Meador emphasized the lack of hierarchy. “We still all shovel snow and clean toilets,” he said.
The shop is open from 10 a.m. to 6 p.m. on weekdays in the winter, closing an hour earlier on Saturdays and closed on Sundays. In the summer, they’ll open an hour earlier.
The team also provides mobile support for local bike races. Meador stands by with watermelons and moral support for contestants struggling through the Joe Cosley Pancake Ride, a brutal 100- to 200-mile annual race that brags of impossible elevation gains. The team staffs an aid station for the Last Best Ride, a local gravel bike race, and was instrumental in organizing the Cino Heroica ride from Kila to Hot Springs, an ode to a bygone era of bicycle racing that included a mid-point potluck and mobile bar.
Powell spotlights the mobile mechanic van the cyclery drove around last summer, with stints at the Columbia Falls farmers market and a day in the canyon fixing kid’s bikes for free.
“We’d love to do more of that kind of stuff,” Meador said. “Just community, just getting people on bikes, it’s never a bad thing.”
The shop works with nonprofit and local trail organizations like Whitefish Legacy Partners to host trail rides, a project that snowballed out of some local trail advocacy groups like Friends of Spencer that Tourville served in as a member. Last year, the shop ran a weekly women’s gravel ride, taking turns hosting alongside neighboring local bike shop Great Northern Cycle & Ski.


Service with a smile
The co-owners sit on black-wired chairs in the shop’s courtyard, soaking up some of spring’s first sunbeams as they swap stories about their favorite nearby trails. A customer drops a box of pastries from Fleur Bake Shop on the table in gratitude for the ongoing mechanical work on his bike.
“That guy goes overboard,” Meador said, noting the customer’s regular habit of generosity as he reaches for an almond tart.
“We’ve done a lot of work for him, and he really loves riding bikes,” Tourville added.
It brings up memories of Gabe, a customer-turned-summer-staffer known on long bike rides for his “random pastry bag,” a bike bag full of exposed pastries for fellow riders to grab.
“You’re never allowed to look in,” Powell said, all three laughing.
Though the customer base has grown exponentially over the years with the increase in population and tourism during the busy summer months, the crew still recognizes the community of regulars around the area, calling out bikes by the last time they received a tune-up or when they were sold.
An essential element of this familiarity is rooted in the reputation the shop has earned in its friendliness and accessibility, including answering strangers’ wide-ranging questions about the area. Despite the high volume of non-bike and non-Nordic related phone calls the owners of Glacier Cyclery and Nordic field on a regular basis, the shop services don’t technically include a valley concierge service, and never will, Tourville said.
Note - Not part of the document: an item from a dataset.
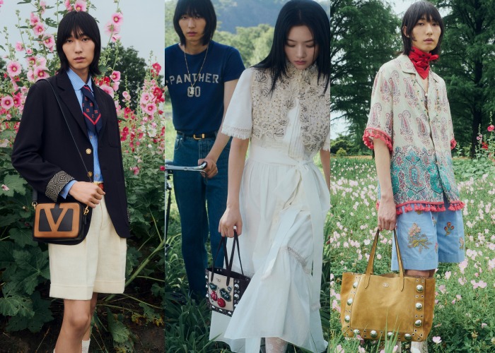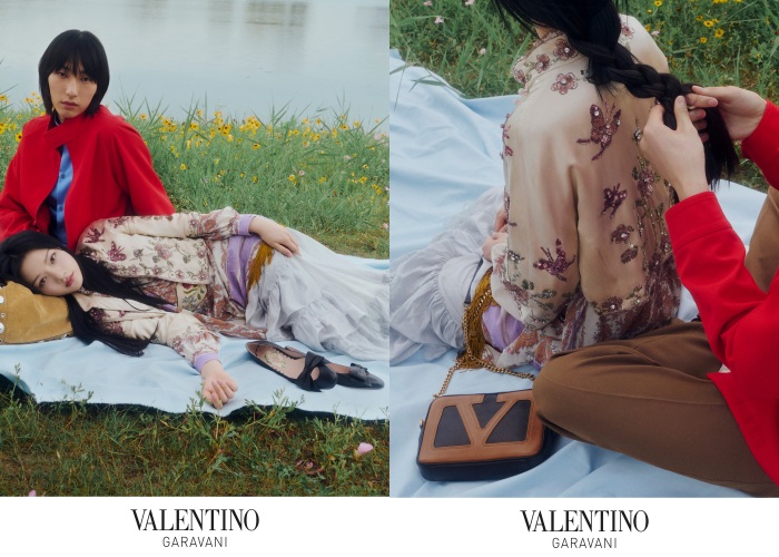 Valentino的七夕大片一如既往充满诗意,由创意中间Alessandro Michele构思、摄影师Julie Greve掌镜,Valentino的七夕形象广告就在夏日午后绿意盎然的花园中上演。摄影师捕捉到了每段爱意流动的瞬间,两位身穿Valentino 2025早秋系列的主角,搭配Valentino Garavani配饰,包括括标志性Nellcôte 与 Viva Superstar 包袋。延续1960年代末自由奔放的气息,Valentino Garavani Nellcôte包袋在其标志性的「嬉皮时尚」风格之上,斜挎包与托特包均采用柔软麂皮打造,缀以刺绣、饰有几何图案的绚丽提花面料,在工艺精巧度与日常实用性之间取得巧妙平衡;
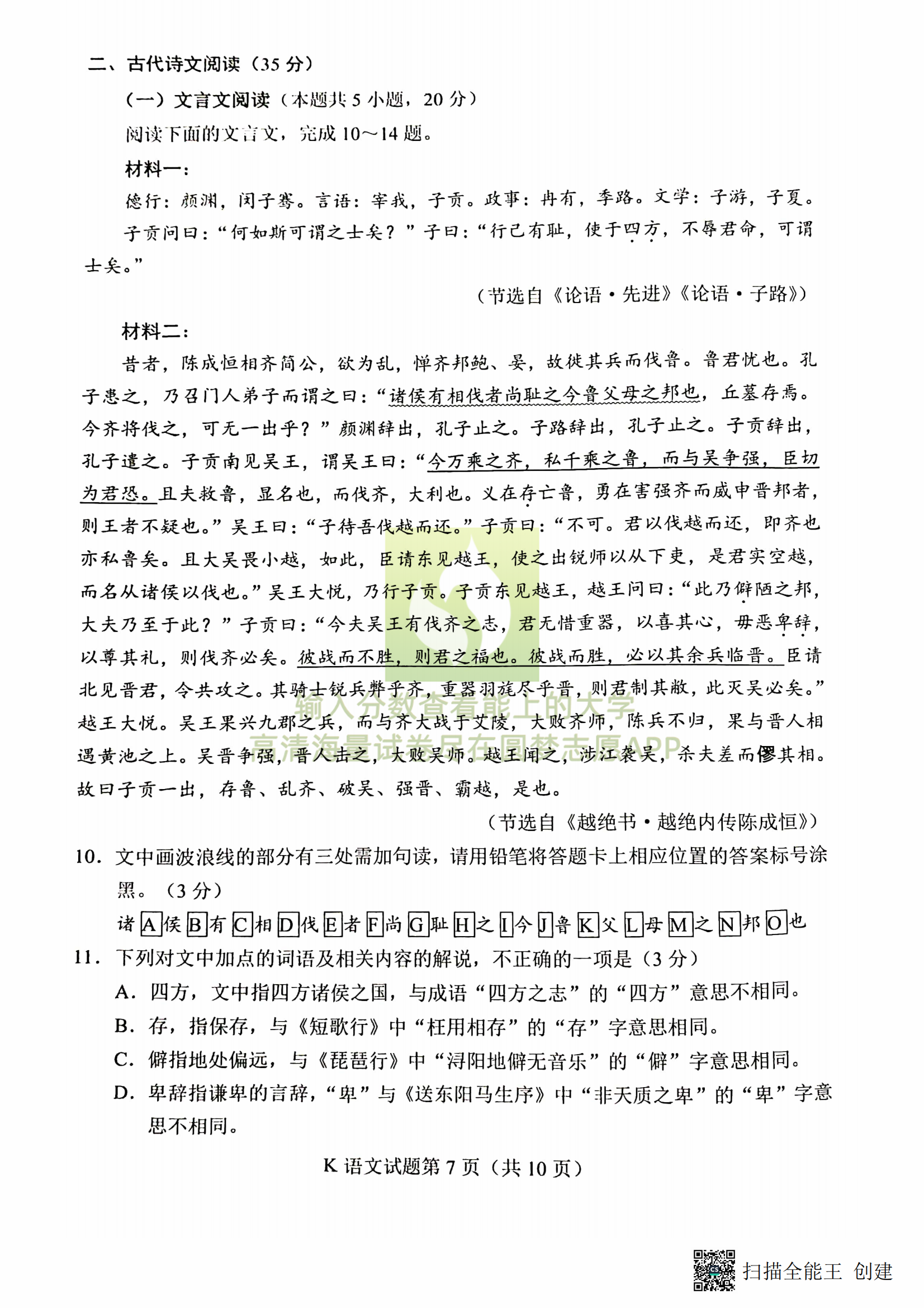 一、2023老高考新课标适应性测试语文试卷及参考答案

“If we hired for it then there’d be expectations that we know everything,” he said.
Meador called the service a “byproduct,” which, “when it happens, is unscripted and passion oriented.”
“I just think a lot of bike shops in general are places to go where people are very, very familiar with their surroundings and the lay of the land,” Meador said.
Tourville agreed, commenting on the fact that they’ve all been in bike shops their whole lives.
“We all know we’re not going to make a bunch of money being bike shop owners,” Tourville said. “We do it because we love coming to work and working with people that like to ride bikes.”